The Rodríguez House is located at 58 St. George Street in St. Augustine, Florida. It is a reconstructed structure where there was once a tabby house during Florida's First Spanish Period (1565-1763). It is part of the St. Augustine Town Plan Historic District.

== History ==
A Spanish map dating to 1764 indicates that this small two-room house belonged to Antonio Jose Rodríguez, son of Jose Antonio Rodriguez of Seville and Gertrude Morales. The house was most likely demolished during the British Period when British soldiers pulled down tabby houses to reuse the building materials. Early homes such as the Rodríguez House had flat wooden roofs and no fireplaces. The rooms were heated with braziers.

== Reconstruction ==
The St.
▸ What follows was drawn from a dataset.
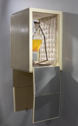 Não lhe interessava, ou interessava pouco, o tão influente na época ready -made , mas, sim, os trabalhos menores de Duchamp. Aqueles menos conheci dos, pequenos objetos “surrealistas” dos quais Tunga se aproximava e que, provavelmente, sugeririam a transição para a tridimensionalidade das obras apresentadas na sua segunda exposição individual, Ar do Corpo (no MAM Rio), na qual o título de uma delas, Objeto do Conhecimento Infantil (1974), poderia bem servir para todas as outras. Nessa exposição estamos um passo além dos fluxos inconscientes da primeira, no estágio posterior da apreensão da tridi mensionalidade dos objetos, que mais tarde o levaria à escultura. Agora a ação é tátil, da ordem da descoberta do objeto (do desejo); dos desenhos para esses insólitos “brinquedos” perversos – é o que sugere o título de um deles, Eros e o Pensamento Positivo (1974) –, estamos um grau acima e exterior da imaginação visual infantil. Objetos um tanto excêntricos, enigmáticos, plenos de possíveis descobertas reveladoras do mundo do erotismo polimórfico que, de agora em diante, vai se mani festar na escolha e no uso dos mate riais; inicialmente feltro e chumbo, ambos com uma decisiva importância ao longo da obra.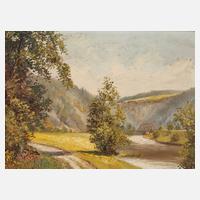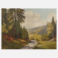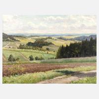 Blick in ein sonniges von Wiesen bedecktes Tal, an den Hängen erstrecken sich weite Wälder, pastose Malerei, Öl auf Leinwand, Mitte 20. Jh., rechts unten signiert „F. Schick“, gering restaurierungsbedürftig, in ca. 12 cm breiten goldbronzierten Stuckrahmen, Falzmaß ca. 61 x 81 cm.

Augustine Restoration Inc. decided to take on reconstructing the Rodríguez House in the late 1960s using funds donated by Edward Ball of Jacksonville, Florida. During the time of St. Augustine's downtown living history museum, San Agustín Antiguo, this structure was used to house craft demonstrations such as pottery making. Evalina Manucy, of Florida State University, demonstrated pottery in the Rodríguez House in 1968, having already worked for the Board as a weaver, baker, and candlemaker. The Historic St. Augustine Preservation Board acquired the house in 1983.

== Present day ==
Today the Rodríguez House is a retail store, St. Augustine Textiles, started by Jon Williams, re-enactor. St. Augustine Textiles provides historical costumes, uniforms, and accessories to a wide audience. The house is owned by the State of Florida and managed on its behalf by University of Florida Historic St. Augustine Inc.